:: Dataset extract ::

******

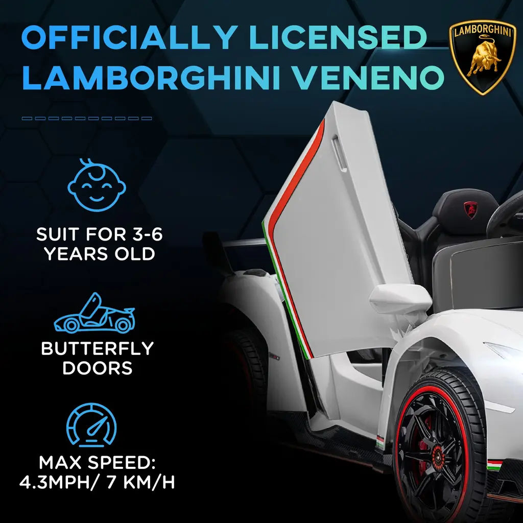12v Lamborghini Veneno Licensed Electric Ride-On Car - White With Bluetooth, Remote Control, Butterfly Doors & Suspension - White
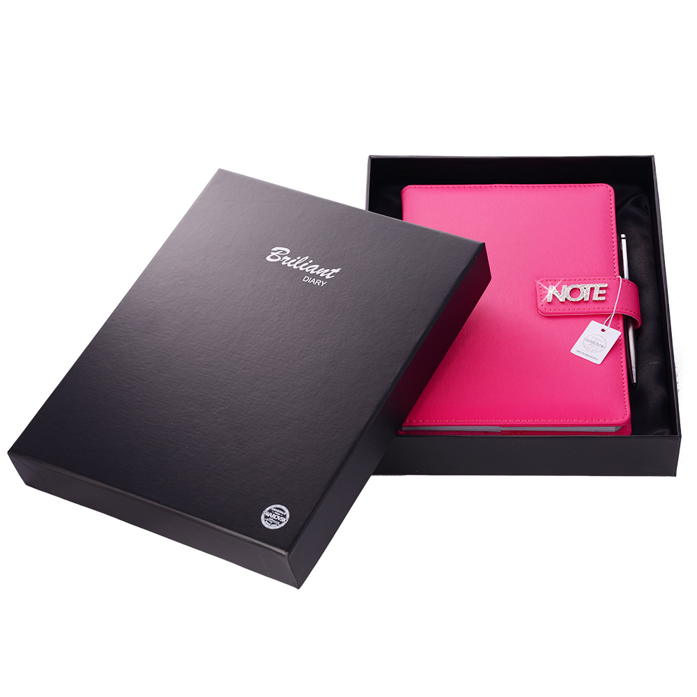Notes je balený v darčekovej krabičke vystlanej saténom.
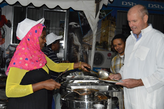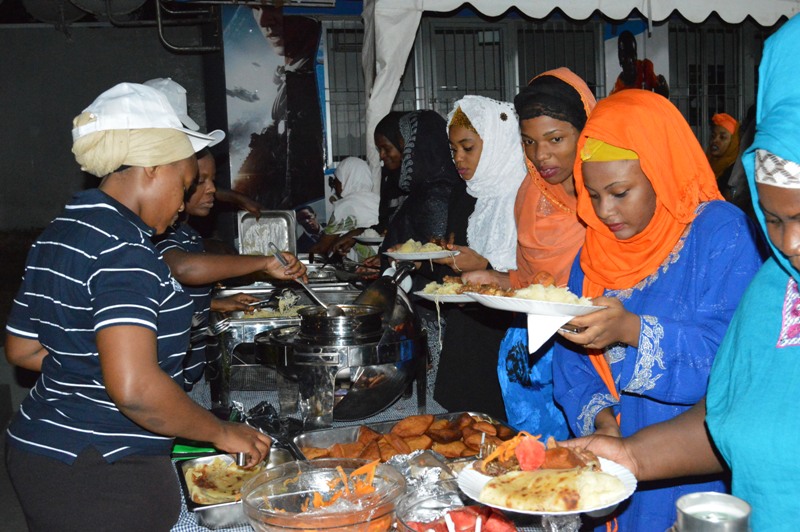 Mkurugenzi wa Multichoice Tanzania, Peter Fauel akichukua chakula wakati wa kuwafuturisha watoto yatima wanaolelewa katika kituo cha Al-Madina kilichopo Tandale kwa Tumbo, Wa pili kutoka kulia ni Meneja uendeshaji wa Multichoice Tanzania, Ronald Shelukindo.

******

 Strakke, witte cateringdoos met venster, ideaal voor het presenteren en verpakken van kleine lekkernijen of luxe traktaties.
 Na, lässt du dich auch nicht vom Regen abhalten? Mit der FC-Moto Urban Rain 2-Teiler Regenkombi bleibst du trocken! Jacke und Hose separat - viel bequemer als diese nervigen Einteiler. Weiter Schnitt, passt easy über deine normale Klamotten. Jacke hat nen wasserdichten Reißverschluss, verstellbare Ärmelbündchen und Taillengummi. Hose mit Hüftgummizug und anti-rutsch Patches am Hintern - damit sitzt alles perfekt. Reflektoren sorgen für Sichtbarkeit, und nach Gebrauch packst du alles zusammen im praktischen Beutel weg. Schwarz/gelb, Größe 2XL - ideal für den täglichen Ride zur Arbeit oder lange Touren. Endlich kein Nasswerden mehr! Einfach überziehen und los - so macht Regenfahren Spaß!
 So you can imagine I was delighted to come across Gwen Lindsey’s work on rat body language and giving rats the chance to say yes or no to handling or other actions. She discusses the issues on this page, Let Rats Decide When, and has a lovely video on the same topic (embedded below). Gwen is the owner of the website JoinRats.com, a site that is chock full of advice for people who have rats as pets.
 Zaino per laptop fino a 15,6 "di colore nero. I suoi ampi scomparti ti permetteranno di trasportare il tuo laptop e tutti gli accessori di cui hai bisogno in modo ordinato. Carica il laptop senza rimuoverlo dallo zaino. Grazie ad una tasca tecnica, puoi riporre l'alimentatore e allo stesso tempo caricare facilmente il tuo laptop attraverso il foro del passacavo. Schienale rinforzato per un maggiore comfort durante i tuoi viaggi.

******

:: Work order ::
Your answer must be the lines above from the one holding "12v Lamborghini Veneno" up to and including the one holding "Mkurugenzi wa Multichoice", exact and with no pictures.

:: Response for this exercise ::
12v Lamborghini Veneno Licensed Electric Ride-On Car - White With Bluetooth, Remote Control, Butterfly Doors & Suspension - White
Notes je balený v darčekovej krabičke vystlanej saténom.
 Mkurugenzi wa Multichoice Tanzania, Peter Fauel akichukua chakula wakati wa kuwafuturisha watoto yatima wanaolelewa katika kituo cha Al-Madina kilichopo Tandale kwa Tumbo, Wa pili kutoka kulia ni Meneja uendeshaji wa Multichoice Tanzania, Ronald Shelukindo.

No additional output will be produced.